## What the task asks:
Retype the entries, please, from their first line to the line containing "с украшениями-мишками |", exactly and only those lines, minus the pictures.
==============================
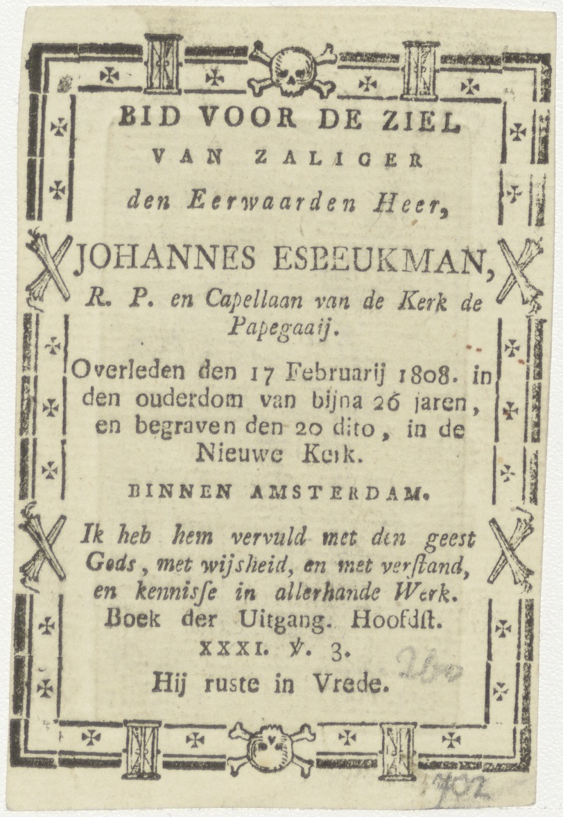 Christus als zaligmaker, met kruisbanier, kz. Religieus;Bid voor ziel Joannes Esbenkman (+1858);Papegaay;Amsterdam;begraven Nieuwe Kerk
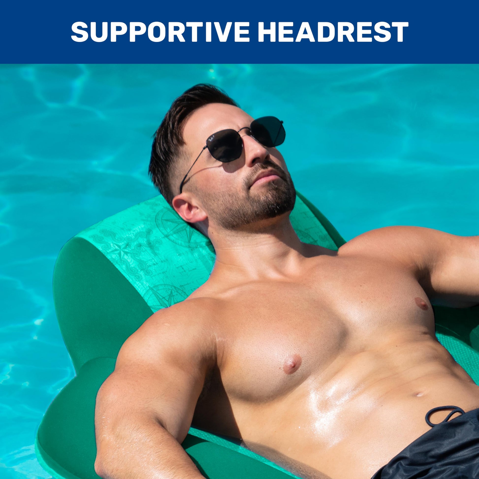 Aqua Luxury Water Pool Lounge, Extra Large, Inflatable Pool Floats for Adults with Headrest, Backrest, Footrest and Cupholder, Teal Compass
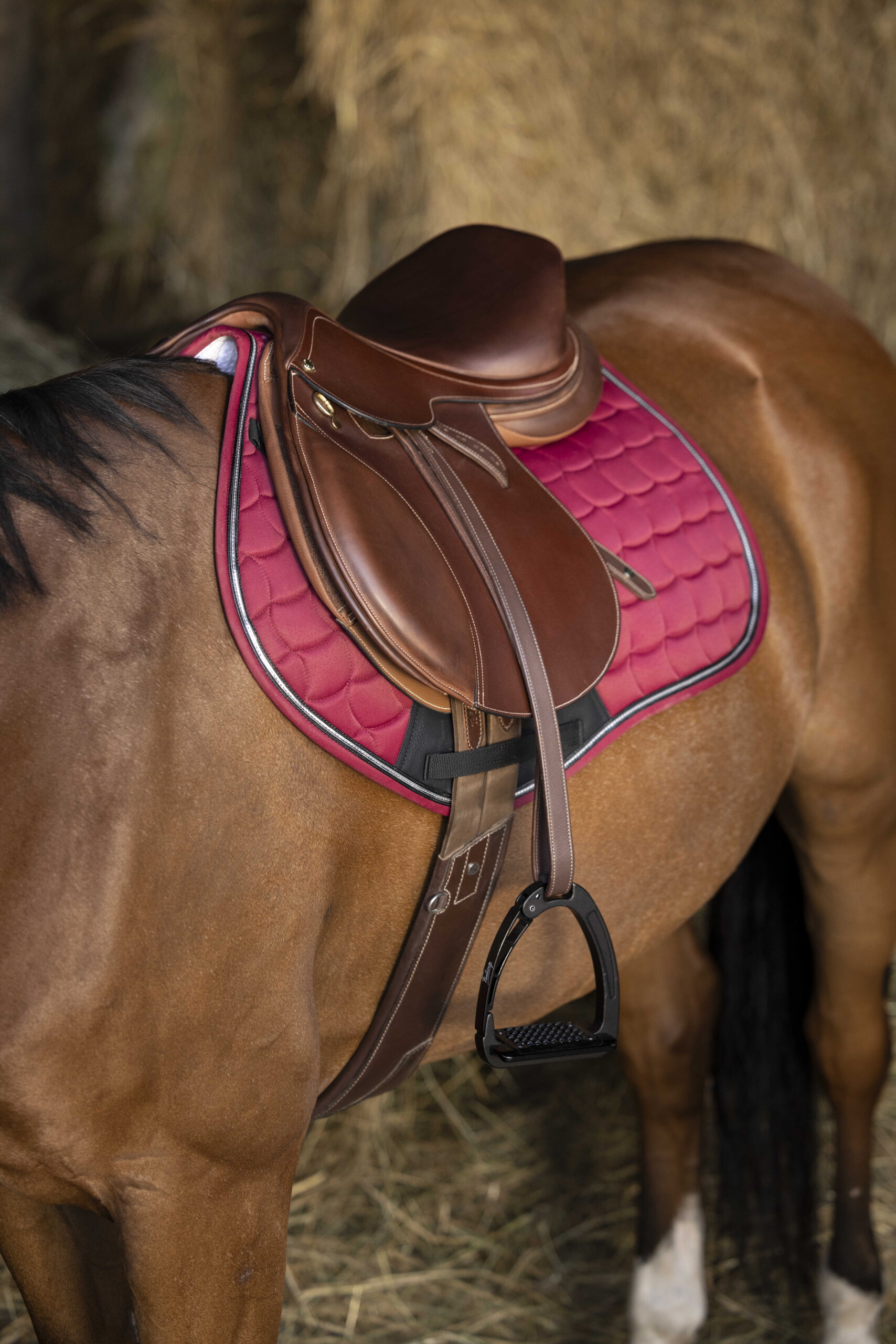 – Stirrup leather hooks made of stainless steel and girth straps made of chrome-tanned buffalo leather.
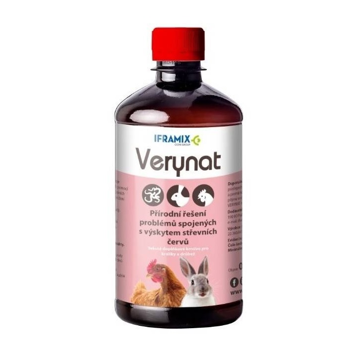 Verynat™ je přírodní doplňkové krmivo určené pro drůbež a králíky, které pomáhá řešit problémy spojené s výskytem střevních červů. Tento produkt je navržen tak, aby podpořil zdraví střev a přispěl k prevenci parazitárních infekcí. Díky pečlivě vybraným přírodním extraktům a esenciálním olejům, které pomáhají udržet střevní prostředí v optimálním stavu, je velmi efektivní nejen při prevenci, ale i při terapii v případě vyššího zamoření parazity. Jeho použití přispívá ke zlepšení celkové kondice zvířat a snižuje riziko úhynů, zejména u mladších jedinců.
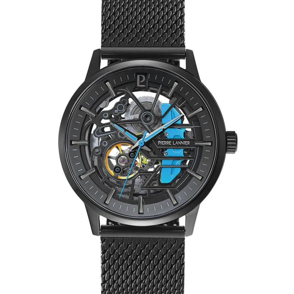 Montre Pierre Lannier Paddock Acier Noir Ronde Automatique 43mm Fond Noir Et Bleu Bracelet Acier Noir Milanais 345a469
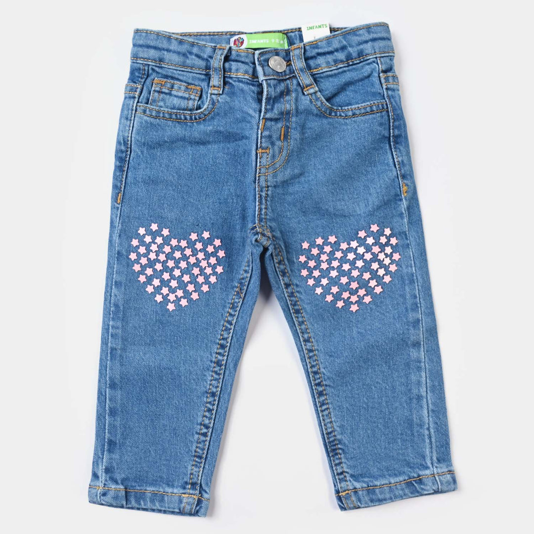 Infant Girls Denim Stretch Pant Stars In Hearts-Ice Blue
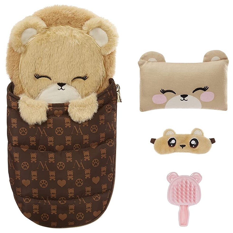 | Комплектация | большая кукла Лара Вонн, атласная пижама, состоящая из кофточки и шортиков, ворсистые тапочки-медвежата, меховая маска для сна, спальный мешок с пушистой подкладкой и принтом в стиле Louis Vuitton, подушка в виде мордочки мишки, розовая щётка для расчёсывания, 2 резинки для волос с украшениями-мишками |
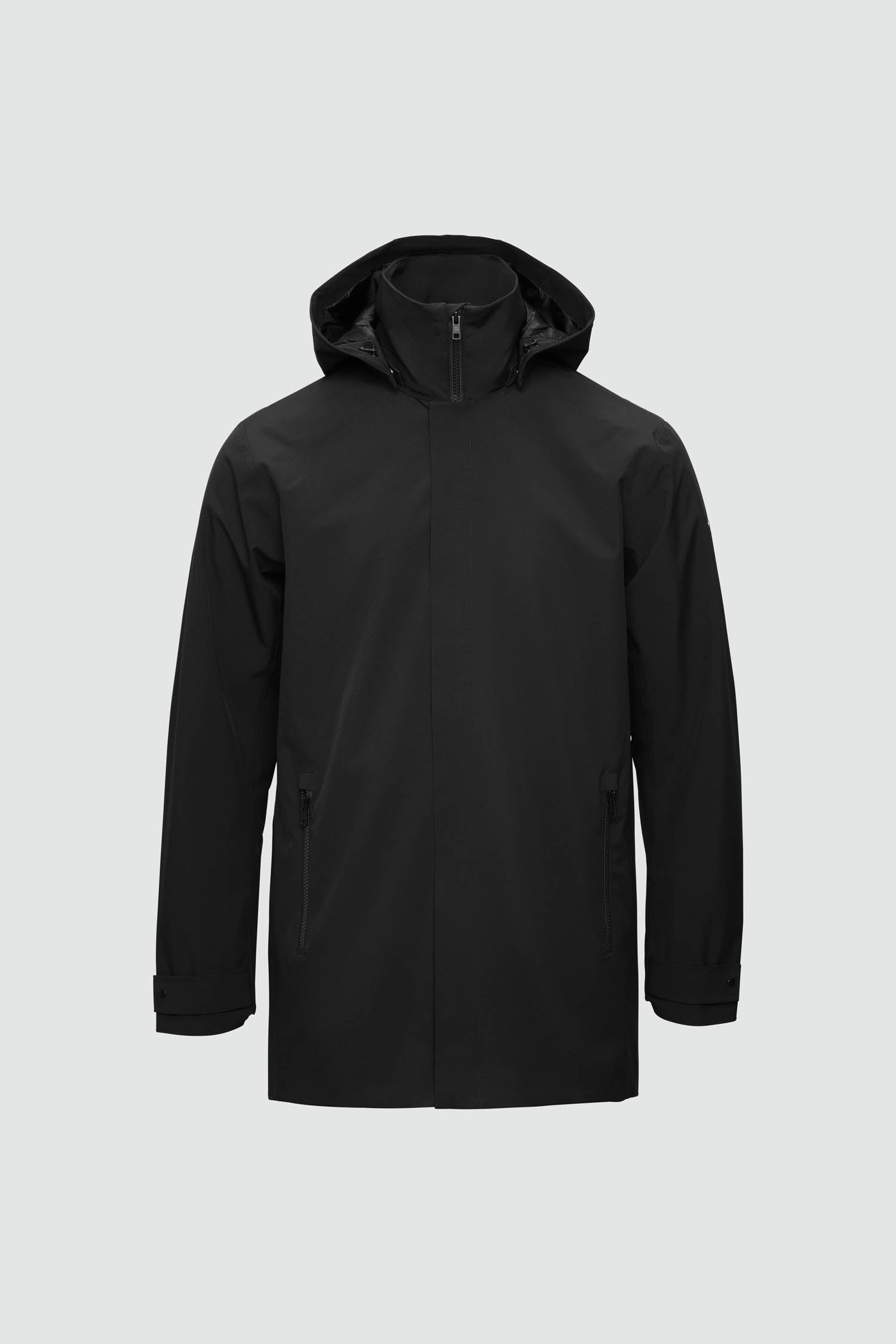 Range is a clean city coat with a fitted silhouette. We used a 100% wind- and waterproof medium-weight stretch fabric with seam-sealed construction to create a highly functional all-season style. Wear Range with your favorite layers underneath, and you will have a good jacket for spring, summer, autumn, and mild winter days. The detachable hood is designed for days when it won’t stop pouring. The clean and minimalistic design means you can use Range in formal and informal settings — as your new favorite business coat or on a trip to your cabin on a windy Friday afternoon.
==============================
## Solution to this task:
 Christus als zaligmaker, met kruisbanier, kz. Religieus;Bid voor ziel Joannes Esbenkman (+1858);Papegaay;Amsterdam;begraven Nieuwe Kerk
 Aqua Luxury Water Pool Lounge, Extra Large, Inflatable Pool Floats for Adults with Headrest, Backrest, Footrest and Cupholder, Teal Compass
 – Stirrup leather hooks made of stainless steel and girth straps made of chrome-tanned buffalo leather.
 Verynat™ je přírodní doplňkové krmivo určené pro drůbež a králíky, které pomáhá řešit problémy spojené s výskytem střevních červů. Tento produkt je navržen tak, aby podpořil zdraví střev a přispěl k prevenci parazitárních infekcí. Díky pečlivě vybraným přírodním extraktům a esenciálním olejům, které pomáhají udržet střevní prostředí v optimálním stavu, je velmi efektivní nejen při prevenci, ale i při terapii v případě vyššího zamoření parazity. Jeho použití přispívá ke zlepšení celkové kondice zvířat a snižuje riziko úhynů, zejména u mladších jedinců.
 Montre Pierre Lannier Paddock Acier Noir Ronde Automatique 43mm Fond Noir Et Bleu Bracelet Acier Noir Milanais 345a469
 Infant Girls Denim Stretch Pant Stars In Hearts-Ice Blue
 | Комплектация | большая кукла Лара Вонн, атласная пижама, состоящая из кофточки и шортиков, ворсистые тапочки-медвежата, меховая маска для сна, спальный мешок с пушистой подкладкой и принтом в стиле Louis Vuitton, подушка в виде мордочки мишки, розовая щётка для расчёсывания, 2 резинки для волос с украшениями-мишками |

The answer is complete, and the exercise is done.